Sep 20, 200610:29 AMThe Life
Trek from PS to... classic architecture
Sep 20, 2006 - 10:29 AMWhen work began on the Parthenon in 447 BC, the Athenian Empire was at the height of its power. Do you remember "Doric," "Ionic" and "Corinthian"?!
During the days of the Roman Empire, the Coliseum of Rome was called the Flavian Amphitheatre (after the emperor dynasty that built it, starting in 72 AD). Eventually, people simply nicknamed it the Coliseum, which derives from a Roman word meaning "gigantic."
Emperor Shah Jahan commissioned the construction of the Taj Mahal as a mausoleum for his favorite wife, Mumtaz Mahal. It was completed in 22 years (1631-1653) by a workforce of 22,000.
From 1541 to 1686, Budapest was occupied by the Ottoman Empire. As a result, this Hungarian city contains some of the world's finest Turkish baths. For example, the Széchenyi Bath complex is the largest medicinal bath in Europe. Set amidst the tranquil surroundings of the Városliget (City Park), this bath is housed in a grand old building to which Budapest families flock during the summer. The outdoor pool is extremely convivial: old-timers play chess on floating boards while everyone else just lazes around.
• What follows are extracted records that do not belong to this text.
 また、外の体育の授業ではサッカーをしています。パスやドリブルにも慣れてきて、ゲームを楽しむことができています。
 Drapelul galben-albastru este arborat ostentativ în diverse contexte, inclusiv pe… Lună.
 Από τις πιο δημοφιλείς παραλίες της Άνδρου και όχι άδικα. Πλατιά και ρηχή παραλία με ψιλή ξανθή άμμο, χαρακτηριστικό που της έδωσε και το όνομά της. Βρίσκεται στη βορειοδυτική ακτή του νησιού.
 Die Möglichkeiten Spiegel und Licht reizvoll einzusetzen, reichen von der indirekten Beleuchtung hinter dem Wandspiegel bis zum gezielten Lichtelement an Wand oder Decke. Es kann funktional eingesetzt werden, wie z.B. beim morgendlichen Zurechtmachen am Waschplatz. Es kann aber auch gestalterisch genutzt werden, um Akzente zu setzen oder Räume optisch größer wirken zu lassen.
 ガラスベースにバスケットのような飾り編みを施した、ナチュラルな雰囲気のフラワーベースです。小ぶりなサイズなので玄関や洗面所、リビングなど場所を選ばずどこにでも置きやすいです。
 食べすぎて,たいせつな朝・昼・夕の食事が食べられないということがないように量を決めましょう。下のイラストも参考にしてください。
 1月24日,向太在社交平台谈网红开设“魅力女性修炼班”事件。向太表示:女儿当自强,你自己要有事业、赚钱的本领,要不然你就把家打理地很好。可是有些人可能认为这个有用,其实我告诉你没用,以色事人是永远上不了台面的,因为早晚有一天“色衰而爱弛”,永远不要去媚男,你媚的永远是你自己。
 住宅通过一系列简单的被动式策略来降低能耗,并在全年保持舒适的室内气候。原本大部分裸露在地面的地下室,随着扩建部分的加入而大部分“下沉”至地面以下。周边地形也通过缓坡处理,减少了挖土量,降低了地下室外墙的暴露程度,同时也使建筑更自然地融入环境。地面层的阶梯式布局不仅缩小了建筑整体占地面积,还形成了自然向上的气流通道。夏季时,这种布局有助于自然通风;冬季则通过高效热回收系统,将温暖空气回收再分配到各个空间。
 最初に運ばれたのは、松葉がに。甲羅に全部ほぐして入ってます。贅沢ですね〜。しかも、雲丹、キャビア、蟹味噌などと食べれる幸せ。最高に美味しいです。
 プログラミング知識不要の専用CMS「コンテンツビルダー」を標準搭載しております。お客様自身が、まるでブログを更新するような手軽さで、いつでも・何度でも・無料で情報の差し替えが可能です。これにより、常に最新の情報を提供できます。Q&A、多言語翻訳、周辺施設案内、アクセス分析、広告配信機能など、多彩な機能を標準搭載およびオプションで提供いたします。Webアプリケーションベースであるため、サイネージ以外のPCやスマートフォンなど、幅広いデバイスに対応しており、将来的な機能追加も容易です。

Moscow's Kremlin is a historic fortified complex at the very heart of the city, overlooking the Moskva River to the south and Red Square to the east. It is the best known of the kremlins (Russian citadels) and includes four palaces, four cathedrals, and the enclosing wall, with towers. The existing Kremlin walls and towers were built by Italian masters between 1485 and 1495.
Today's featured photo is the Eiffel Tower (1,056 feet high), courtesy of Google Maps. The structure was built between 1887 and 1889 as the entrance arch for a World's Fair marking the French Revolution's centennial. Originally, the tower was to stand for only 20 years, when ownership reverted from designer Gustave Eiffel to the City of Paris, which had originally planned to tear it down. Part of the contest rules for designing the tower was that it could be easily demolished. Maintenance of the tower includes applying 50/60 tons of paint every seven years to protect it from rust. Occasionally, the color of the paint is changed; on the first floor, there are interactive consoles hosting a poll to choose the color for the next session of painting.